Re: Newbie completely confused

2007-09-24 Thread John Machin
On Sep 25, 1:51 am, Jeroen Hegeman [EMAIL PROTECTED] wrote:
  Your code does NOT include any statements that could have produced the
  above line of output -- IOW, you have not posted the code that you
  actually ran.

 Oh my, I must have cleaned it up a bit too much, hoping that people
 would focus on the issue instead of the formatting of the output
 strings! Did you miss your morning coffee???

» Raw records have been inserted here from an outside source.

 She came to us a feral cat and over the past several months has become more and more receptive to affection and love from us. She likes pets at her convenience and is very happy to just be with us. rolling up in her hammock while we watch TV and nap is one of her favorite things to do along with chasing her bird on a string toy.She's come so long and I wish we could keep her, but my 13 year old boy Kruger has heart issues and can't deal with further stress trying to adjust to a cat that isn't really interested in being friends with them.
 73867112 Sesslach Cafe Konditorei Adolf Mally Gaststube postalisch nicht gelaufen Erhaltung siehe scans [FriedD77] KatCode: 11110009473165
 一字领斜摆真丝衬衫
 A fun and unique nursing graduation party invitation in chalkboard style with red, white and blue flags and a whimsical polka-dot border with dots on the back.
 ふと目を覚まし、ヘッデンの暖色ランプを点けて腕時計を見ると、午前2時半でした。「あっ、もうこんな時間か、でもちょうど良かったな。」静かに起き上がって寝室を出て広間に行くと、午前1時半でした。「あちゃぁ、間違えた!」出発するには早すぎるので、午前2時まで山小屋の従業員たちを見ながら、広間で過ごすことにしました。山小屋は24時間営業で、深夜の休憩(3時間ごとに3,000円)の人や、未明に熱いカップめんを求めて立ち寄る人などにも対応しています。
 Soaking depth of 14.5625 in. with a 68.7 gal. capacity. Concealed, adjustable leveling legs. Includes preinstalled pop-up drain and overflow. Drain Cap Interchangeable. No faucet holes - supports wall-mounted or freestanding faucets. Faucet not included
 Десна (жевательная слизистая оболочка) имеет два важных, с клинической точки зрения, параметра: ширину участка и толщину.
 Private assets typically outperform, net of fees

The difference was not a formatting difference; it was complete
absence of a statement, raising the question of what other non-obvious
differences there might be.

You miss the point: if it is obvious that the posted code did not
produce the posted output (common when newbies are thrashing around
trying to solve a problem), some of the audience may not bother trying
to help with the main issue -- they may attempt to help with side
issues (as I did with the fugly code bloat) or just ignore you
altogether.


  Your code is already needlessly monstrously large.

 Which I realised and apologised for beforehand.

An apology does not change the fact that the code was needlesly large
(AND needed careful post-linefolding reformatting just to make it
runnable) and so some may not have bothered to read it.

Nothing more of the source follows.